- Type: Geological formation
- Unit of: Augusta Sequence

Lithology
- Primary: Limestone
- Other: Shale, siltstone

Location
- Region: Nevada

= Favret Formation =

Triassic geologic formation

The Favret Formation is a Triassic geologic formation. The Favret outcrops in the Augusta, New Pass and Fish Creek ranges of north central Nevada and consists of limestone, shale and siltstone.

== Fossil Hill Member ==

The Favret Formation along with the Prida Formation, constitute one of the recognized geological formations within the Star Peak Group of northwestern Nevada. These two formations are linked by a single member, known as the Fossil Hill Member. In the Prida Formation, this member outcrops in the western Humboldt Range, while the Favret Formation, outcrops in the Augusta Mountains, where it reaches up to more than 300 metres (980 ft) thick. Although they overlap substantially, the two formations do not share precisely the same age, the Prida unit dates from the Middle to Late Anisian, while the Favret unit dates only from the Late Anisian, between approximately 244 and 242 million years ago.

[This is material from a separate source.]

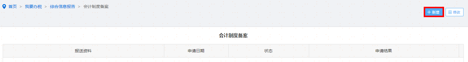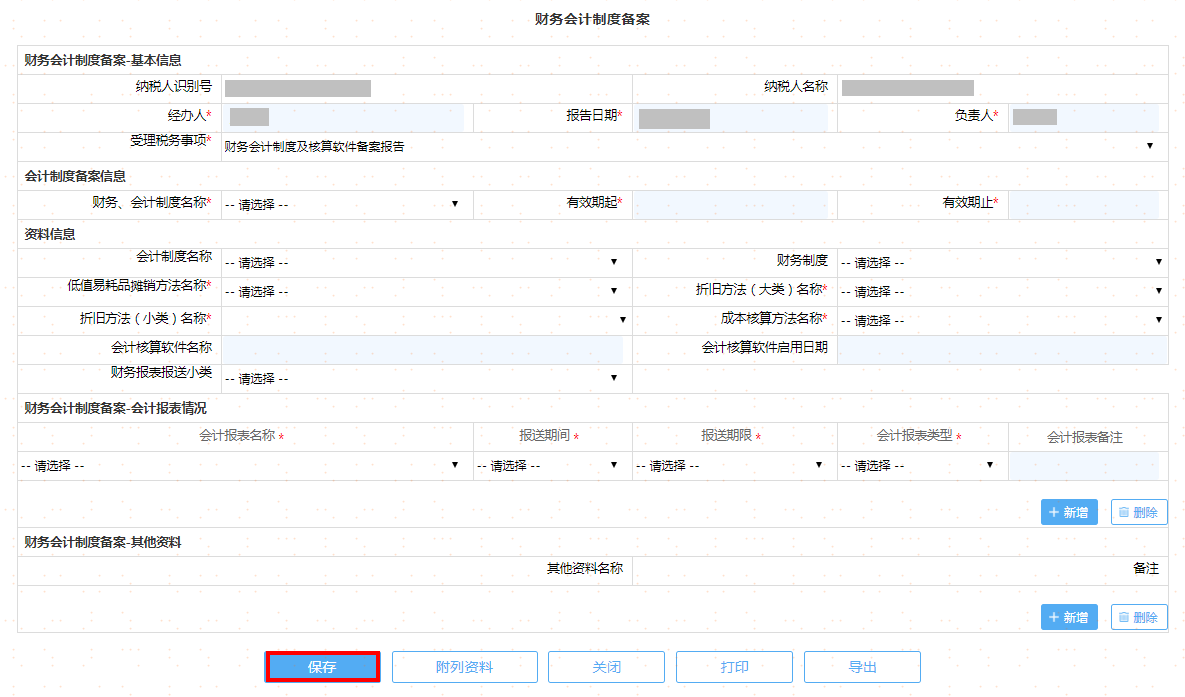 在综合业务办理环节,进入“会计制度备案”页面,点击页面右上角“新增备案”按钮,据实完成信息填写后,点击“保存”按钮,在当前页面显示“保存成功”后完成备案。

The Fossil Hill Member has received extensive interest from paleontological research for its large quantity of marine fossils dating from the Middle Triassic. The paleoenvironment preserved in the Fossil Hill contains some of the earliest marine reptile communities including Ichthyosaurs and Pistosaurs. Other fossils from this unit include invertebrates such as ceratitid ammonoids and bivalves as well as hybodont sharks and bony fish like Saurichthyes and Birgeria.